The First Ruler of Cyprus (tusks, no beard)
One upon a time there were no humans in Cyprus, only dwarf elephants. Greek-speaking people had certainly arrived by 1,600 BC. They are still there, speaking a beautiful ancient dialect of Greek, despite everything that history can throw at them.

Suppiluliuma (allegedly)
Few places on earth have been so much interfered with. Everybody wants power over Cyprus because of its strategic location and (now) its supposed reserves of natural gas. But nobody has ever taken seriously the possibility that the tiny number of Greek Cypriots (well under a million) living on Aphrodite’s island might like a real say in their own political and economic future.

A quick run through the timeline of Cyprus introduces us to some of the most unsavoury imperialists and invaders in history.

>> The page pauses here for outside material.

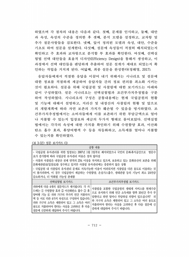 712 하였으며 각 절차의 내용은 다음과 같다. 첫째, 문제를 인식하고, 둘째, 대안 과 속성, 속성의 수준을 정의한 후 셋째, 분석 모델을 설정하고, 교차항 및 추가 질문사항들을 검토한다. 넷째, 앞서 정의된 모델과 속성, 대안, 수준을 기초로 하여 설문을 설계한다. 다섯째, 설문에 속성들이 적절히 배치되었는지 확인하고 주 효과와 교차항으로 분석할 부 효과를 확인한다. 여섯째, 선택실 험법 선택 대안들을 효율적 디자인 Efficiency Design 을 통해서 생성하고, 이 과정에서 선택 대안들을 랜덤하게 추출하여 설문 설계가 제대로 되었는지 확 인하는 작업을 거치게 된다. 여덟째, 최종 설문을 완성한다 정해영, 2017 응답자들에게서 적절한 응답을 이끌어 내기 위해서는 시나리오 및 설문에 대한 정보를 적...

But the more successful of them all had beards.   

The Amazing Beard of Sargon II
The most handsome may have been the Hittite monarch Suppiluliuma, of whom an extraordinary statue has recently been alleged to have been dug up in Turkey.  But Sargon II,  whose beard was longer, annexed Cyprus to the Assyrian Empire in 709 BCE. The Egyptian Pharaoh Amasis, who did NOT sport a beard, grabbed it in the mid-sixth century, but the parvenu and bearded Persian Emperor Cyrus got it off him in 545.

Despite numerous attempts by the Cypriots to gain independence, their land was repeatedly lost and won by Alexander’s Successors.  Cyprus was briefly taken over for Rome by the smooth-cheeked Cato the Younger. But it was lost again when Mark Antony bestowed it on the (probably unbearded) Cleopatra, before she lost it too and it reverted to Rome. As part of the Byzantine realm, Cyprus was continuously harassed by bearded Arab invaders.

Richard the Lionheart, with well-trimmed fluff
Adorned with plenty of facial hair, Richard the Lionheart arrived in 1191, and taxed Cyprus until it squeaked. He then gave it to the Knights Templar. The bearded Franks ruled Cyprus for a good while, followed by the bearded Mamluk sultans of Egypt, Genoese merchants, and the Venetians who purchased  the island in 1489. Eight decades later it was conquered by the bearded Ottomans. The Brits got back in the saddle in stages between 1878 and 1914, declaring Cyprus a Crown Colony in 1925, under the very hirsute King George V. It did not get independence until 1960.
George V Assumes Beard of Cypriot Command

This means that even before everyone in the world poked their noses in during the 1970s, Cypriot Greeks had been interfered with by Hittites, Assyrians, Egyptians (twice), Persians, Macedonians,  Romans, Byzantines, Levantine Arabs, Brits, Mamluk Sultans, Genoese, Venetians, Ottomans, and Brits again. But is the moral of the story that Cypriots need to grow some beards? Their hairy Orthodox priests have managed to exert a bit more power than most of them. The women who have ruled Cyprus (e.g. Cleopatra and Queen Elizabeth II) have always lost control of it. Ominously, the current government of Cyprus, to judge from photographs, is shinily clean-shaven.

Will Merkel or Anastasiades Get That Beard?
I have  a collection of false beards  I once acquired during a student production of Aristophanes’ comic Assembly Women, in which the women of Athens need to disguise themselves as hairy men in order to get any say in politics. I am happy to send one to all Cypriot cabinet members if it would help them, finally, to get their act in gear and do something for the people they claim they govern.  The suspiciously smooth-faced President, Nikos Anastasiades, has a wife whose surname means ‘moustachioed’. The unbearded dwarf elephants became extinct. Nikos should take the hint.